[Opensim-users] Banning "bad" viewers was Re: Can this be done?

[Karen Palen]

--- On Tue, 1/12/10, Adelle Fitzgerald <Adelle at DreamTechnologies.co.uk> wrote:

> The only way to stop 'bad'
> viewers is to create an iron mountain, which OpenSim is far
> far off being and until it has its own proprietary viewer, will
> probably stay that way (though ANY open source client poses a constant
> security threat to OpenSim, as does any open source simulator to the
> client).

OpenSim is not very secure because it is not designed to be an "iron mountain" and because it is still very much under development.

I take issue with the notion that open source viewers (or anything open source software) is inherently insecure however.

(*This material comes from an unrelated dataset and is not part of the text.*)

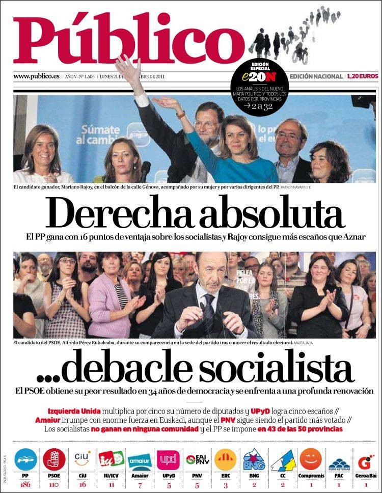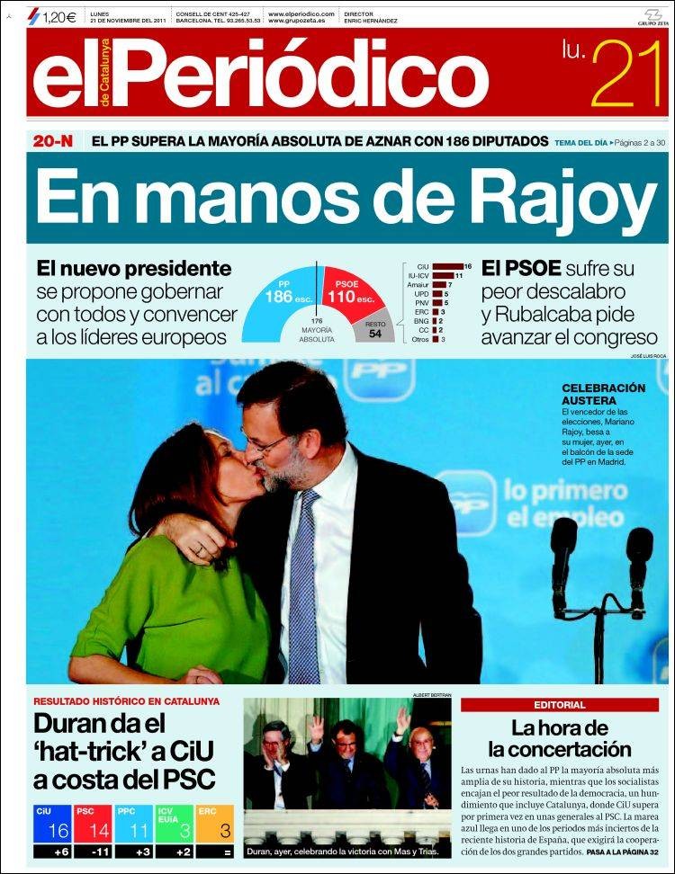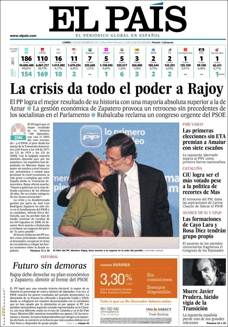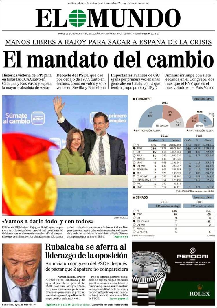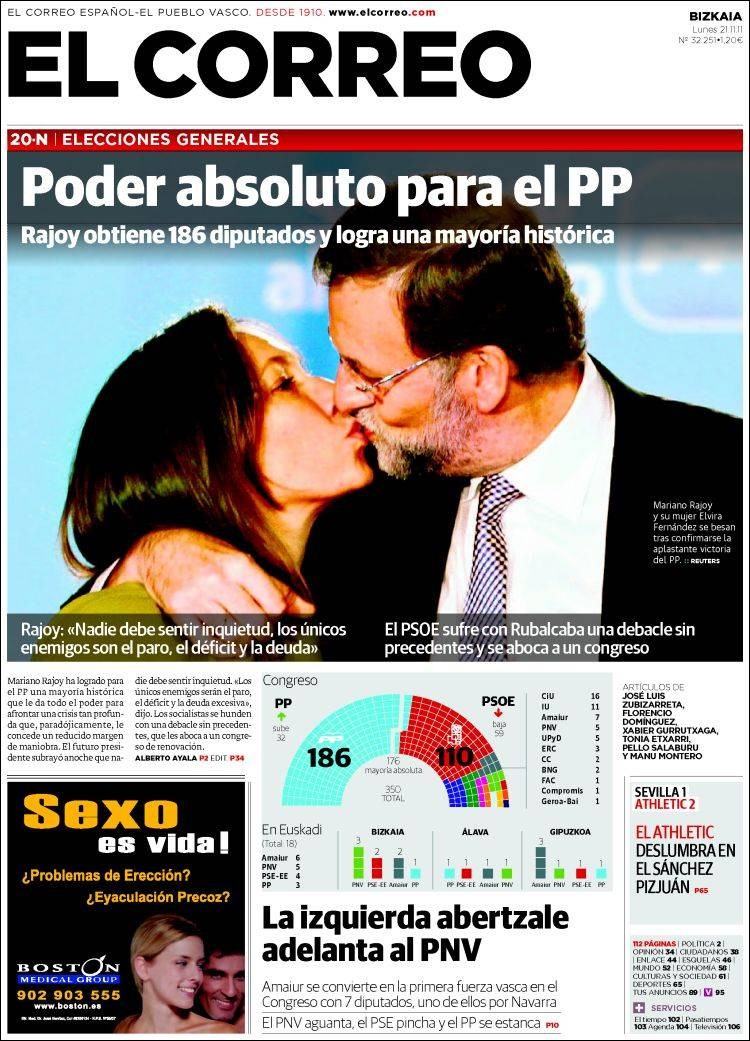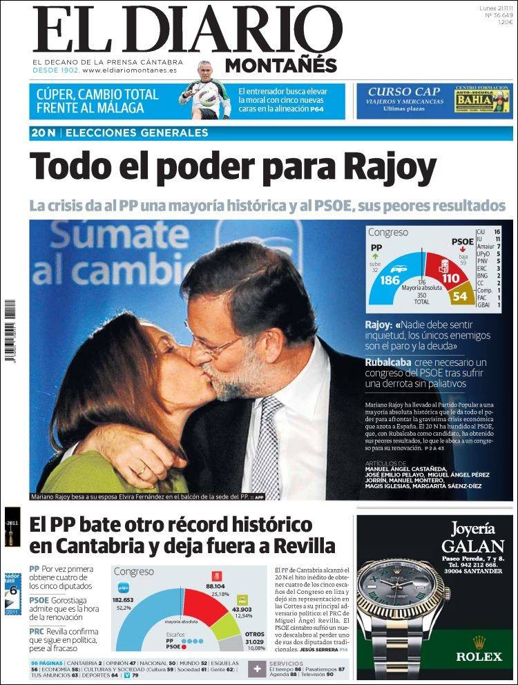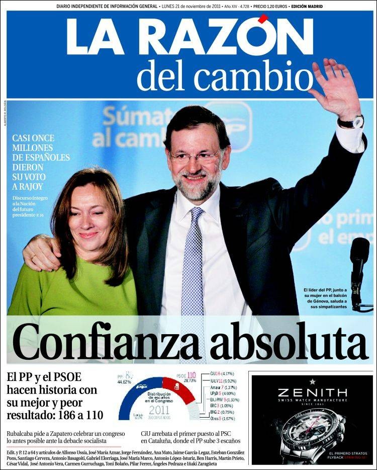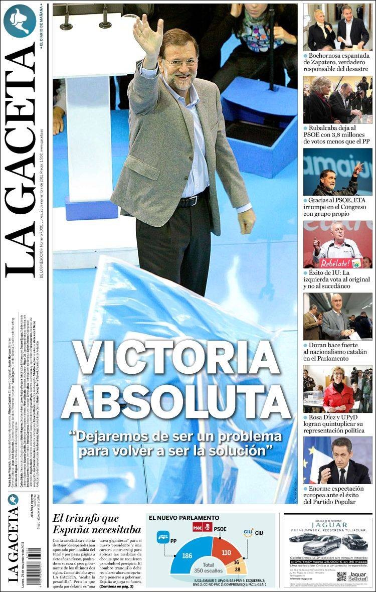 Los diarios españoles dedican su portada completa al histórico triunfo del Partido Popular en las elecciones.

Probably the best example is to compare the Apache open source web servers with the Microsoft proprietary based servers. They have about an equal share of the market, yet almost all of the real life exploits and ALL of the successful virus/malware attacks happen on the Microsoft based system!

The same dichotomy carries over into the desktop versions of Linux and Windows although the market shares are different enough to provide some sort of explanation, at least in theory. In practice though one Windows virus/worm (Confliker) is currently infecting over 5 million machines while there are ZERO successful Linux viruses/worms. There have been some hilarious attempts though.

I am not trying to introduce the eternal "fanboy" flamewar here, but only to point out that OpenSource is far from insecure! Before I get 10K email flames about how Windows can be "secured" or some such, point out a successful virus or malware attack on either Linux or MAC OS.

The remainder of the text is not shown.